Lifts average decode speed across fitting models by about 204%.

〜$8,000 MSRP

Frequently Asked Questions

Can MacBook Pro M4 Max 128GB run AI models?

Yes! MacBook Pro M4 Max 128GB (128 GB unified memory) can run 137 models at full speed and 338 total. Top picks: Qwen3-Coder-Next (score: 92/100), Qwen 3.5 122B A10B (score: 92/100), Qwen3-Coder 30B A3B Instruct (score: 91/100). See the full tiered compatibility list above.

How much unified memory does MacBook Pro M4 Max 128GB have for AI?

MacBook Pro M4 Max 128GB has 128 GB of unified memory shared between CPU and GPU, all available for AI model inference. Unlike discrete GPUs with separate VRAM, unified memory means models can use the full 128 GB without data transfer overhead.

Is unified memory on MacBook Pro M4 Max 128GB the same as VRAM for local AI?

Not exactly. Unified memory is excellent for making larger models fit on Apple Silicon, because the CPU and GPU share one memory pool. But it is still not identical to dedicated VRAM on a high-bandwidth discrete GPU. For local AI, unified memory often wins on flexibility and capacity, while discrete GPUs can still win on raw tokens per second once a model fits comfortably.

Is MacBook Pro M4 Max 128GB good for running LLMs locally?

Yes, MacBook Pro M4 Max 128GB is excellent for running LLMs locally. With 128 GB unified memory and Metal acceleration, it handles 338 models with top scores above 80/100.

Why can a smaller CUDA GPU sometimes feel faster than MacBook Pro M4 Max 128GB for local AI?

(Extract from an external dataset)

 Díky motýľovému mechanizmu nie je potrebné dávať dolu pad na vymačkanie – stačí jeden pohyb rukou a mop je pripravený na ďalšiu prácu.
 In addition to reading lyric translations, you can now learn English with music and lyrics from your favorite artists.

Because fit and speed are not the same thing. MacBook Pro M4 Max 128GB can often fit larger models thanks to unified memory, but a smaller NVIDIA GPU with fast dedicated VRAM and mature CUDA kernels can still deliver higher decode throughput once the model fits. In practice, Apple Silicon is excellent for flexible local AI on one machine, while CUDA often stays ahead for the easiest setup and highest raw inference speed.

What is the best way to run AI models on MacBook Pro M4 Max 128GB?

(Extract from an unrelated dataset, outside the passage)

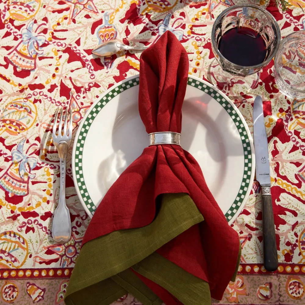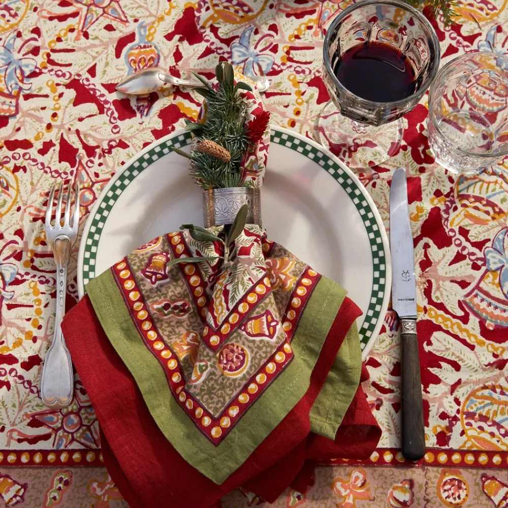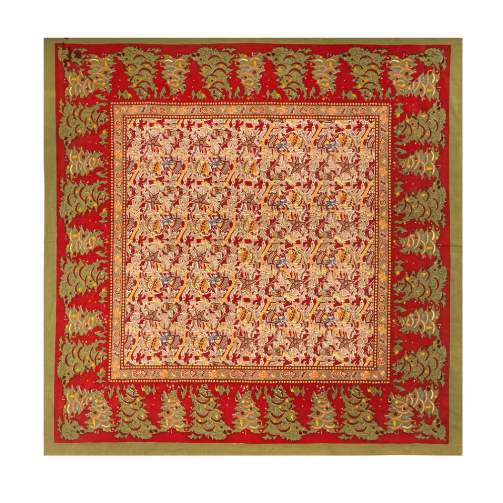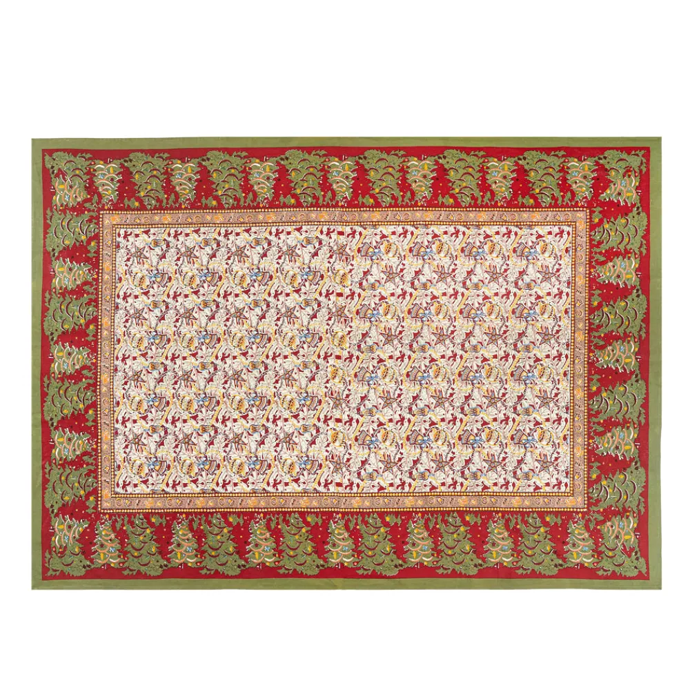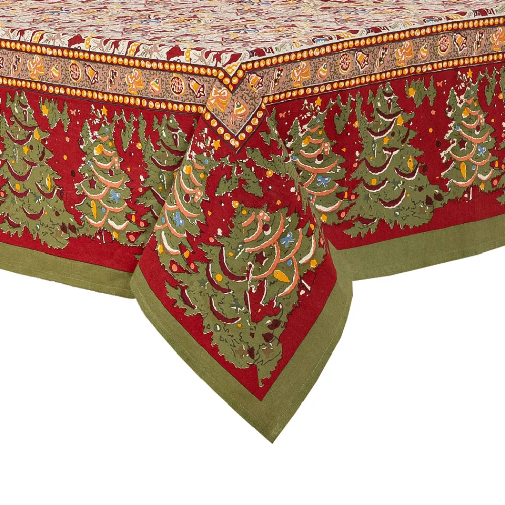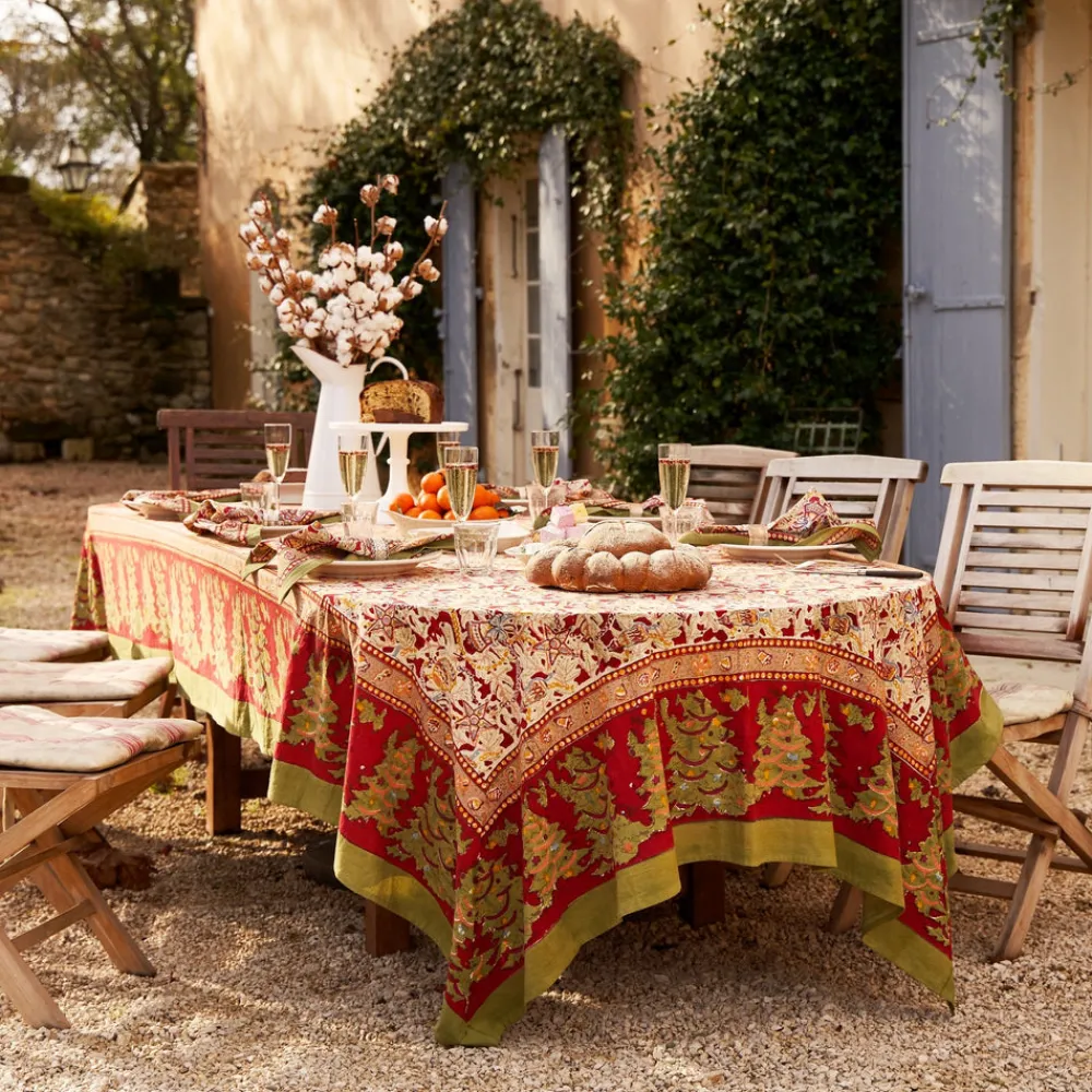 Idyllic landscapes, sumptuous colors, and the vibrant beauty of Southern France describes Couleur Nature. This brand of hand-painted table linens aims to bring a Provençal sense of effortlessness, rich culture, and joie de vivre to your life and home—no matter where you live. The French Tablecloth Noel features a feast for the eyes with a sense of casual festivity and tradition. Designed in a holiday-themed pattern, this high-quality piece is a must-have for dine-in memories. An elegant addition to any tablescape.

We recommend using llama.cpp on MacBook Pro M4 Max 128GB. Install it with a single command, then pull your preferred model. llama.cpp supports Metal acceleration out of the box on Apple Silicon.

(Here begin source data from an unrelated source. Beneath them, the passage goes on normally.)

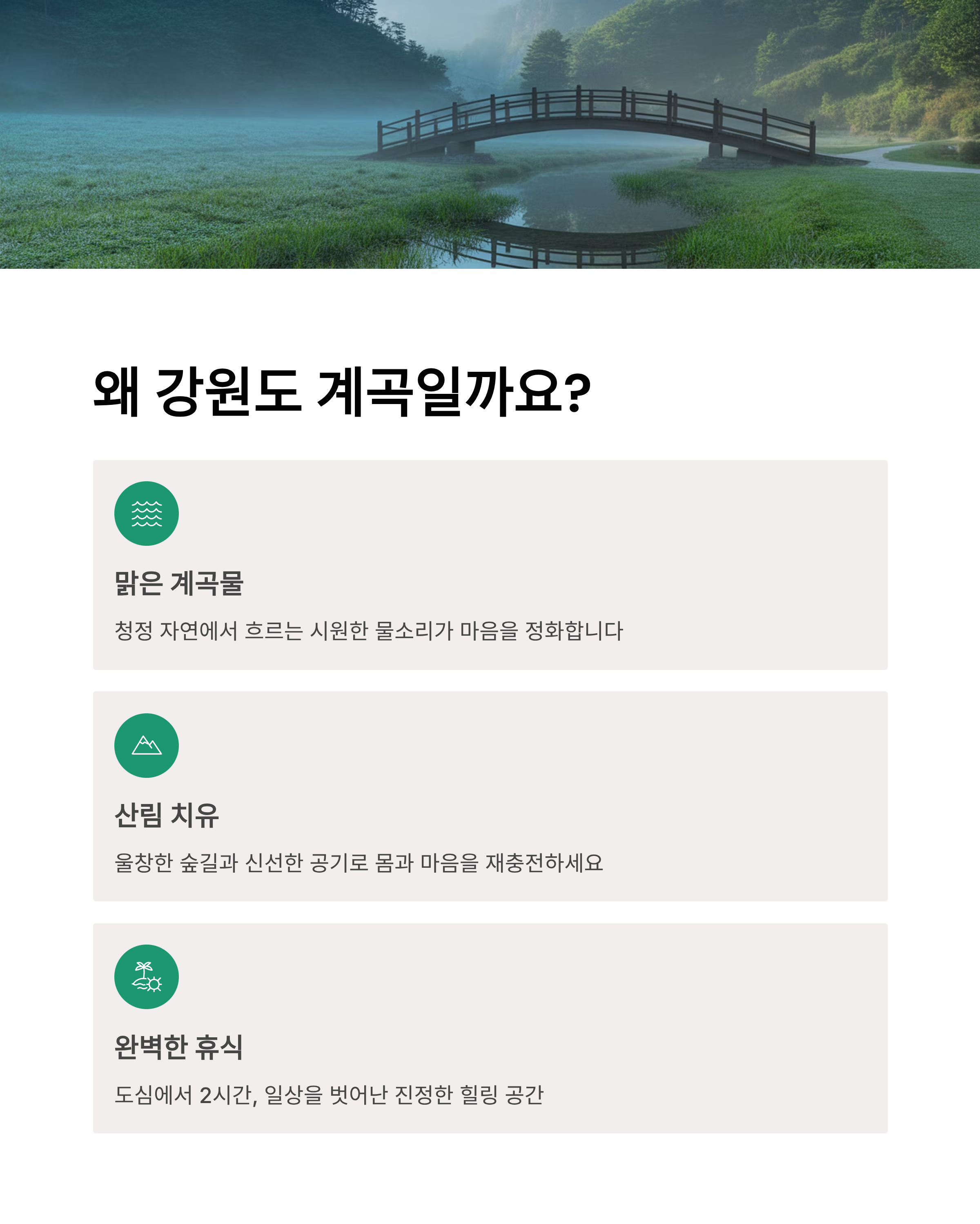 | 여행 테마 | 자연 속 힐링, 스트레스 해소, 재충전, 신체 활력 증진 | 맑은 공기, 계곡물 소리, 피톤치드 가득한 자연 만끽 |
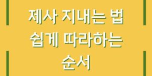 제사는 조상님을 기리고 그들의 은혜에 감사하는 중요한 의식입니다. 이 글에서는 제사를 지내는 방법과 순서에 대해 쉽게 따라할 수 있도록 구체적으로 안내드리겠습니다. 제사는 전통적인 의식이지만, 각 가정의 상황에 맞게 조절할 수 …
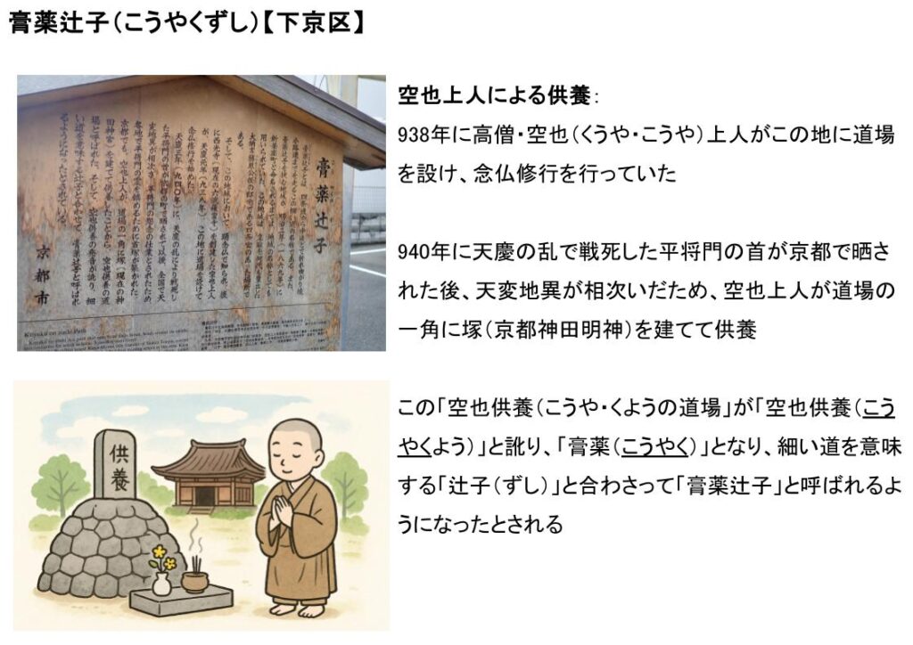 この「空也供養(こうや・くよう)の道場」が「空也供養(こうやくよう)」と訛り、「膏薬(こうやく)」となり、細い道を意味する「辻子(ずし)」と合わさって「膏薬辻子」と呼ばれるようになったとされる。
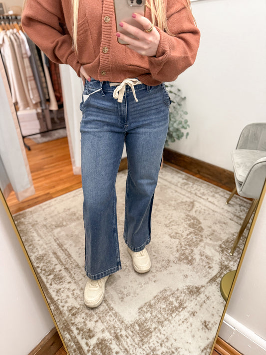 Elastic Band Cropped Wide Leg Denim

What is the best coding model for MacBook Pro M4 Max 128GB?

For coding on MacBook Pro M4 Max 128GB, we recommend Qwen3-Coder-Next. It achieves 23.2 tokens per second with 256K context window using 65.0 GB of unified memory. Qwen3-Coder-Next is a specialized fit for Coding. It is a recent-generation family, which helps on current local SOTA workloads. It fits natively with comfortable headroom. Context coverage stays within the requested workload envelope. Known distribution channels: huggingface, ollama, lm-studio.

Can MacBook Pro M4 Max 128GB run Flux for image generation?

Yes, MacBook Pro M4 Max 128GB with 128 GB unified memory can run Flux.1 Dev at FP16. Use ComfyUI or Draw Things for the best experience on macOS.

What image and video AI models can I run on MacBook Pro M4 Max 128GB?

MacBook Pro M4 Max 128GB (128 GB unified memory) supports various AI generation tasks. For image generation, SDXL and Stable Diffusion 3.5 run well with Metal acceleration. Flux.1 Dev also runs natively. For video, LTX Video 2.3 can generate short clips.

Is MacBook Pro M4 Max 128GB good for AI image generation?

MacBook Pro M4 Max 128GB is excellent for AI image generation. With 128 GB unified memory and Metal GPU acceleration, it runs all major diffusion models including Flux.1, SDXL, and SD 3.5.

Should I upgrade from MacBook Pro M4 Max 128GB for AI?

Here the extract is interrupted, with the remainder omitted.